Following provisions are mandatory, and failure to comply with these attracts penalty:
i. Every registered dealer whose turnover of sales exceeds the specified amount shall issue to the
purchaser a serially numbered tax invoice, cash memo or bill with the prescribed particulars.
ii. The tax invoice shall be dated and signed by the dealer or his regular employee, showing the
required particulars.
iii. The dealer shall keep a counterfoil or duplicate of such tax invoice duly signed and dated.
Contents
A tax invoice should have the following contents:
a) the words ‘tax invoice’ in a prominent place
b) name and address and registration number of the selling dealer and purchasing dealer
c) pre-printed or self-generated serial number
d) date of issue
e) description, quantity and value of goods sold
f) rate and amount of tax charged
g) signature of selling dealer or his representative
TAX INVOICE
ORIGINAL – BUYER’S COPY
S.No. Quantity Description Price per Value VAT Tax Amt. Total
of Goods unit (Rs.) Rate (Rs.)
TOTAL _________
Rupees in figures
E. & O.E.
Signature
(of selling dealer)
Records
Returns
• Returns alongwith payment challans are to be filed monthly/quarterly/annually as per State
Acts/Rules.
• It should be accompanied with details of output tax liability, value of ITC, payment of VAT, etc.
• Revised returns can be filed.
• Scrutiny provisions also prescribed.
Assessment
VAT system based on self-assessment mechanism.
Scrutiny may be done in selected cases only.

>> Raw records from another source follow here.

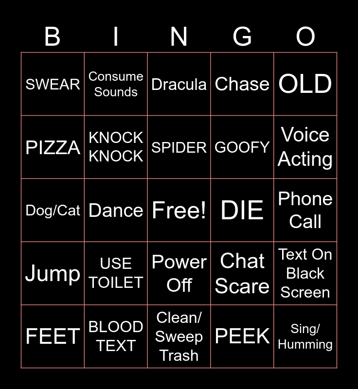 This bingo card has a free space and 24 words: USE TOILET, BLOOD TEXT, SPIDER, FEET, OLD, SWEAR, PIZZA, Consume Sounds, DIE, Power Off, GOOFY, Dog/Cat, Chat Scare, Text On Black Screen, KNOCK KNOCK, PEEK, Phone Call, Dracula, Voice Acting, Dance, Sing/ Humming, Jump, Chase and Clean/ Sweep Trash.
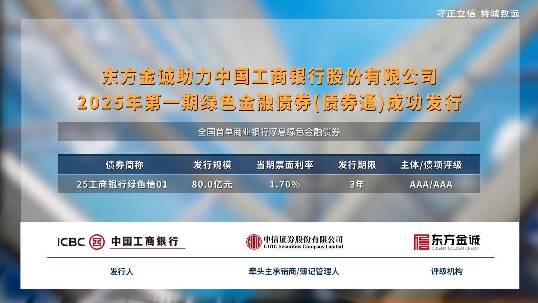 近日,由东方金诚评级的“中国工商银行股份有限公司2025年第一期绿色金融债券(债券通)”(以下简称“本期债券”)在银行间债券市场成功发行。本期债券发行规模80亿元,发行期限3年,当期票面利率1.70%。
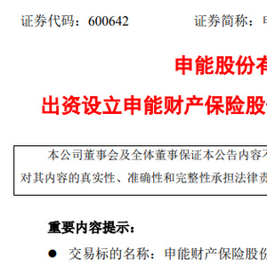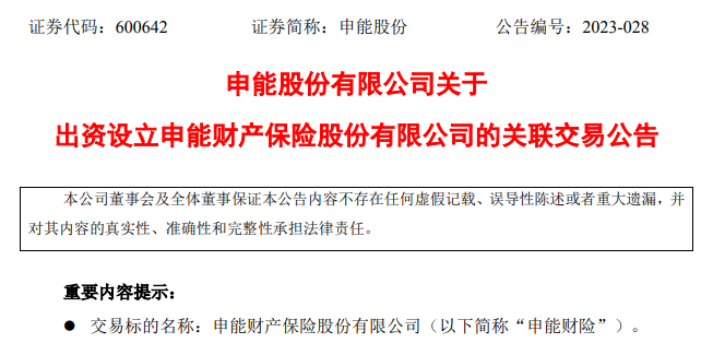 9月21日,申能股份有限公司发布《关于出资设立申能财产保险股份有限公司的关联交易公告》(以下简称《公告》)显示,申能集团旗下两子公司共出资50亿元,合计占股50%。

System of cross-checking of information will be introduced, not only intra-VAT but with Central
Excise, Income-tax, etc.
Audit
Provision of departmental audit on selective approach basis.
Previous years’ records may be taken for audit in case taken for audit in current year.
Auditors may visit the business place of the dealer.
Selected dealers may be required to get their accounts audited by a CA.
Tax Rates
Exempted Category : There are about 50 commodities comprising of natural and unprocessed products
in unorganized sector, items which are legally barred from taxation and items
which have social implications. Included in this exempted category is a set of
maximum of 10 commodities flexibly chosen by individual States from a list of
goods which are of local social importance for the individual States without
having any inter-State implication.
4% VAT category : There are largest number of goods, common for all the States, comprising of items
of basic necessities such as medicines and drugs, all agricultural and industrial
inputs, capital goods and declared goods.
12.5% category : The remaining commodities, common for all the States, fall under the general
VAT rate of 12.5%
1% category : The special rate of 1% is meant for precious stones, bullion, gold and silver
ornaments etc.
Non-VAT goods : Petrol, diesel, ATF, other motor spirit, liquor and lottery tickets are kept outside
VAT. The States may or may not bring these commodities under VAT laws.
However, it is agreed that all these commodities will be subjected to 20% floor
rate of tax.
Miscellaneous
Stock Transfer
Inter-State transfers do not involve sale and, therefore they are not subjected to VAT.